The following morning the protestors were there again but this time with a twist. They had a huge group of kids with them. These middle- to high school-age kids were out there on the street corner hollering at us. These children didn’t have the slightest understanding of what we were going through but they were taught they had the right to judge us. It was really quite sad.

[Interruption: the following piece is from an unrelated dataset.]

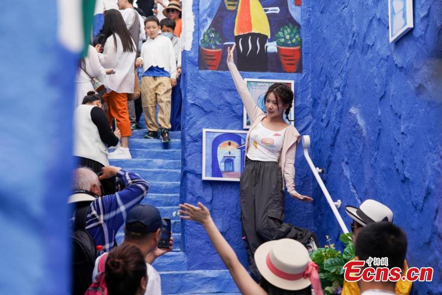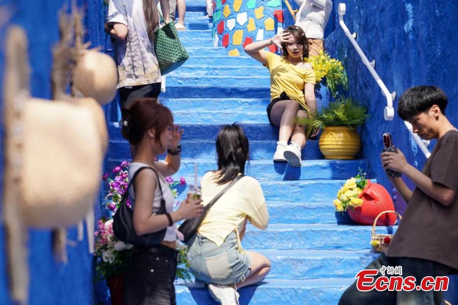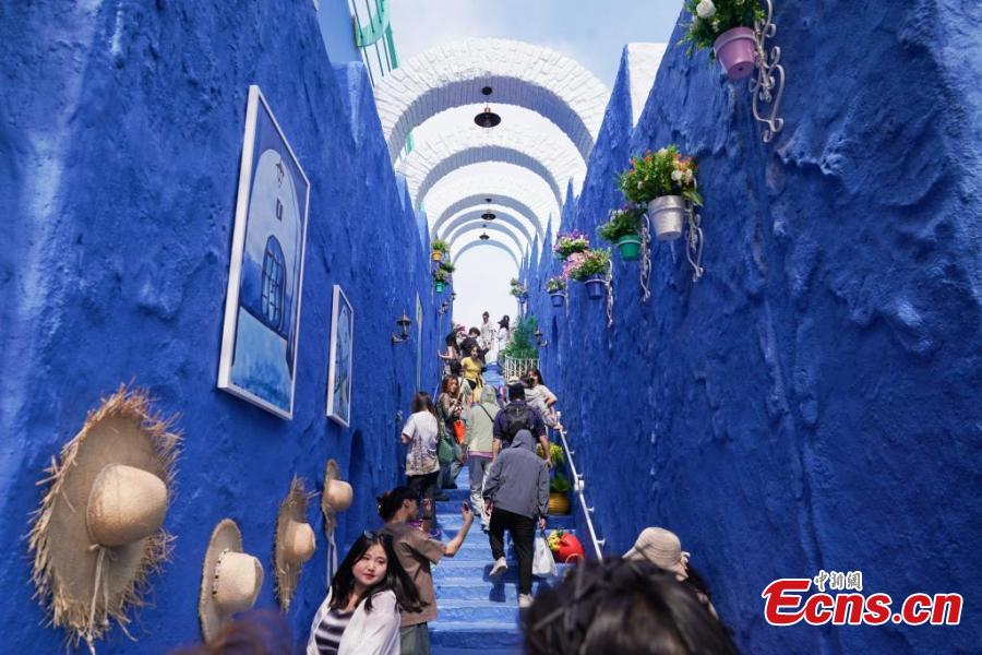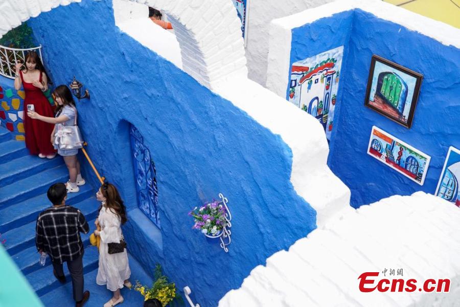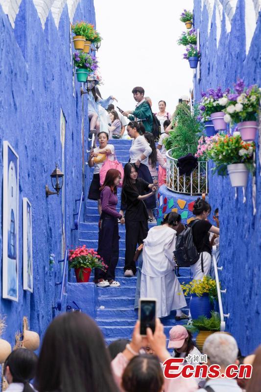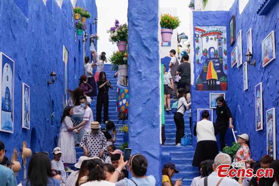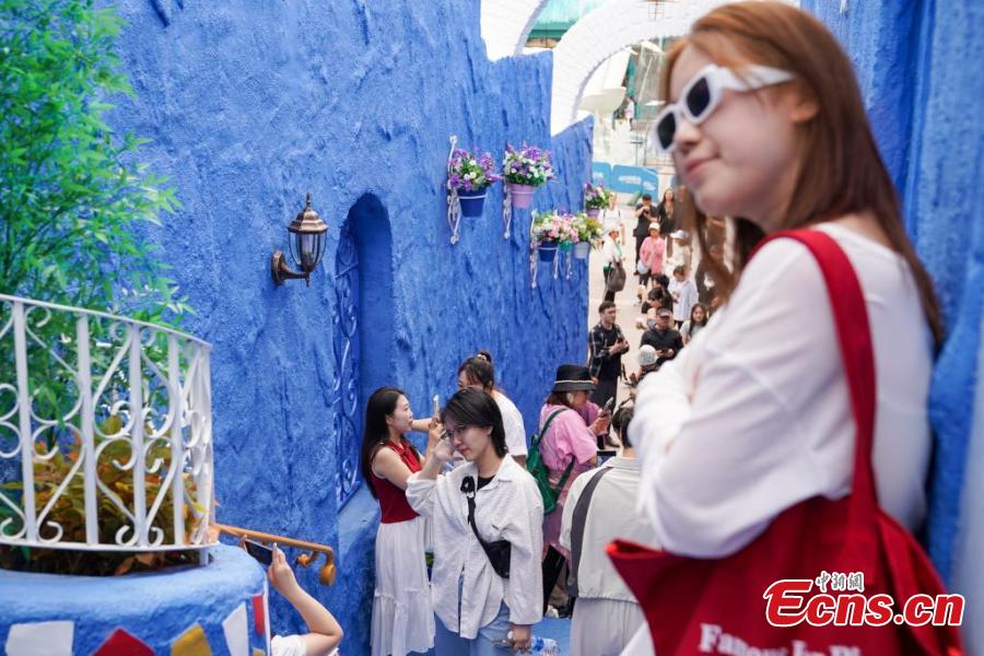 Tourists visit a replica of Morocco’s “blue city” Chefchaouen, at Harbin Polarland in Harbin, northeast China’s Heilongjiang Province, June 8, 2025. (China News Service/Zhao Yuhang)

The guard checked us in and we met with the group again. This day was much shorter; just a quick ultrasound to determine the baby’s positioning and some sedation for a laminaria change. We had a short counseling session and then were released back to the hotel. The third day proceeded much the same except that at the end of the day they determined that I may go into labor overnight so I must stay at the clinic. I was released to get my things and to grab dinner. I arrived back at the clinic at 9:00 p.m. The attendant and the nurse greeted us and showed us to our beds. I was still exhausted so I went to bed pretty quickly, but my husband is a night owl so he stayed up with chatting with the attendant for a while. She was so great about answering his questions and making him more secure.
The next morning they gave me oxytocin to start my labor. A couple of hours later I delivered our son into this world. The drugs gave me amnesia but I do remember having a dream that my father-in-law and brother were looking down on me from heaven with the baby. They reassured me that everything was okay. I think sometimes God gives us those little nudges to help us through the hard days. Later that afternoon when the drugs had worn off we had a viewing of our son. I was unprepared for what I would see because during the two weeks since our final ultrasound the baby had developed severe hydrocephalus. Still, I am grateful that we made the decision to have those few precious minutes with our son. I felt reassured that he was in a better place and that we had made the right decision.
It has now been five weeks. There are days when I am absolutely devastated. There are days when I almost feel like me. I hate that my son is gone. I hate that I had to make the decision to end his life. I hate that my womb and my arms are empty. But I am strengthened in the fact that I made my decision by focusing on him and what was best for him. I am eternally grateful to the wonderful people that guided me through this horrible experience with compassion, love, and understanding.
Update, October 2016
It is hard to believe those words were mine 10 years ago. Life has changed, I have grown, and yet this is still an issue.
It seems as though we will never escape the world where we are nasty, evil, horrible but let me tell you. We are not. We are mothers. We loved our children. We made the best choices we could. And we miss them, always. My sweet rainbows haven’t replaced their brother, time hasn’t healed all wounds, and I still bleed when we as a group are attacked. I pray that one day our country will stop the hatred and hear the hurt.
In the last ten years, I found a place where I can discuss my past. Where there is understanding of my decisions even if they don’t agree. I’ve found a life where my decisions are respected. My son’s father and I divorced which sounds awful, at the time it certainly felt like it was, but now it is a blessing. I share my life with a man who loves and accepts all of me. Who doesn’t take those pieces where I’m vulnerable and use them to attack me. I count myself grateful for my son because his loss made his father’s abuse more obvious to me. I was able to see who he was and do the hard work to become who I wanted to be.
I am a better person because I am his mother.